Ruling Re-defines Dishonesty
You can see now, I suspect, that if you watch the backs of the cards when they are dealt on the table, before any player looks at the card fronts that you can identify the high stakes cards as ones which the half diamond pattern is on the opposite side of the card back to the low stakes cards.
This was crucial in ‘guessing’ the winning cards. In addition, Cheung asked the dealer to shuffle the cards using a machine rather than passing them to the players to shuffle, again, no allegation that the players interfered with the card!
Security eventually realised what Ivey and Cheung had done which helped them to identify winning and losing hands and decided to freeze their £7.7m winnings.
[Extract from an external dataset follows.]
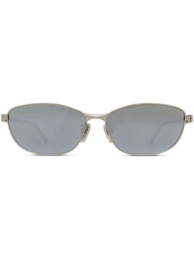 silver-tone metal logo print at the arm oval frame nose pads straight arms grey tinted lenses These glasses come with a protective case.

The pair eventually went to the Supreme Court in 2017 in order to get a decision on whether or not their actions were ‘cheating’. When the Judge looked at the issue of ‘dishonesty’ he said that in this case it was clear that Ivey and Cheung had made the requests to the Casino to do certain acts and by doing so they said they had done nothing ‘dishonest’.
As we mentioned earlier, to prove dishonesty we must show that Ivey and Cheung had known they were acting dishonestly. They clearly did not think so.
The first check was to ask ‘did the average person believe they were dishonest?’ The Judge found the first part but then changed current thinking on dishonesty and threw out the second test as unnecessary. It is now sufficient to ask the ordinary person in the street if they thought it would be dishonest.
A fascinating story and one that is very pertinent to an investigator investigating ‘dishonesty’ offences.
As for me, I’m going to buy some playing cards and set up a game with a few friends!